In FIG. 3, the load spring 2 including the emboss 5 is movable in the Y direction by an actuator 8 (not shown). At this time, the floating head slider 3 (not shown) is constantly floating above the magnetic disk medium 9. Here, the depth of the embossment 5 gradually increases along the Y axis from one end to the other, so that at one end of the embossment 5, the portion of the embossment 5 included in the load spring 2 is separated from the magnetic disk medium 9. The height up to the end is hl, and the height at the other end is h2. Further, a floating head support holding mechanism 10 is installed outside the magnetic disk medium 9, and the height of the upper surface of this floating head support holding mechanism from the magnetic disk medium 9 is defined by h3.

Here, if the height hl is larger than the height h3 and the height h2 is smaller than the height h3, when the load spring 2 moves in the Y direction, the emboss 5 and the floating head As the load spring 2 comes into contact with the upper surface of the support holding mechanism 10 and further moves in the Y direction, the load spring 2 also moves in the Z direction in the figure, as shown in FIG. When the load spring 2 moves in the Z direction along the surface shape of the embossing 5, the floating head slider 3 (also not shown), which is connected to the load spring 2 via the gimbal spring 1 (not shown), moves in the Z direction.

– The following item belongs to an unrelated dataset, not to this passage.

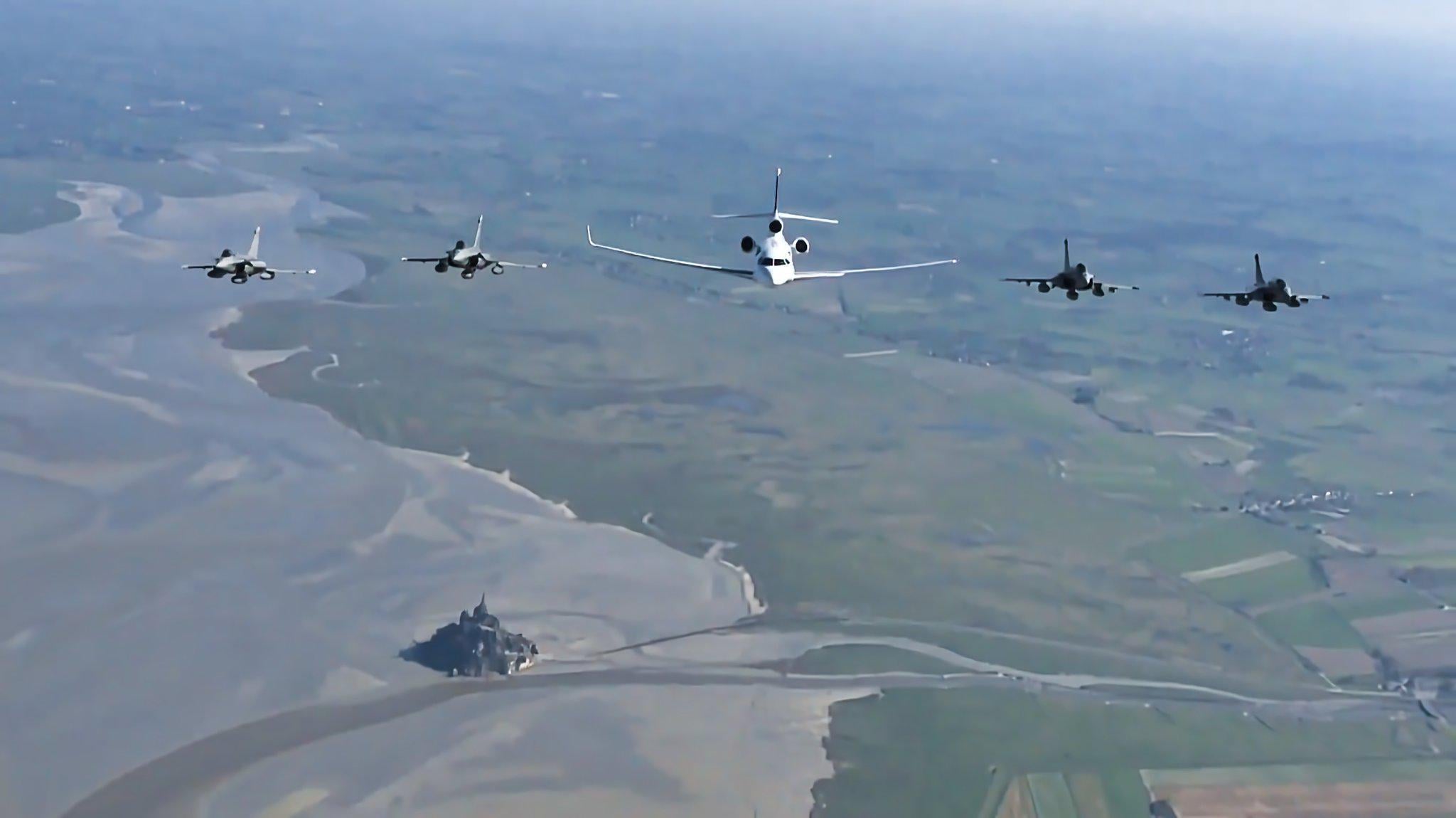 マクロン大統領は核抑止力の近代化について演説するため、ラファール戦闘機4機に付き添われてフランスの原子力潜水艦基地に到着した。

The floating hent slider 3 is forcibly displaced, and as a result, the floating hent slider 3 is uncoded from the magnetic disk medium 9.

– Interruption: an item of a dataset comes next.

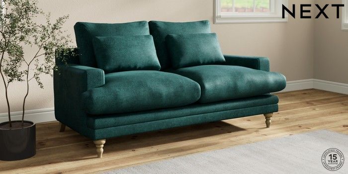7.0.3 Buy Hutton Deep Relaxed Sit 3 Seater Small Sofa Plush Chenille Dark Teal Green Country Turned - Light from the Next UK online shop Click here to use our accessible website

Furthermore, by reversing this sequence of operations, the floating head slider 3 is loaded onto the magnetic disk medium 9.

Therefore, the surfaces of the floating head slider 3 and the magnetic disk medium 9 can always be kept non-contact, and therefore, the C3S
At the same time, it is possible to avoid frictional wear and adsorption problems related to
The risk of head crash caused by dust in the atmosphere can be significantly reduced.

It goes without saying that the embossing provided on the load spring used in the present invention may have a shape and depth appropriate to the device.

〔Effect of the invention〕

By using the floating head load/unload mechanism of the present invention, it is possible to avoid the problems of frictional wear and adsorption between the floating head slider and the magnetic disk medium related to C5S, and therefore the generation of dust in the atmosphere in the magnetic disk drive. can be suppressed to a minimum, greatly reducing the risk of head crashes.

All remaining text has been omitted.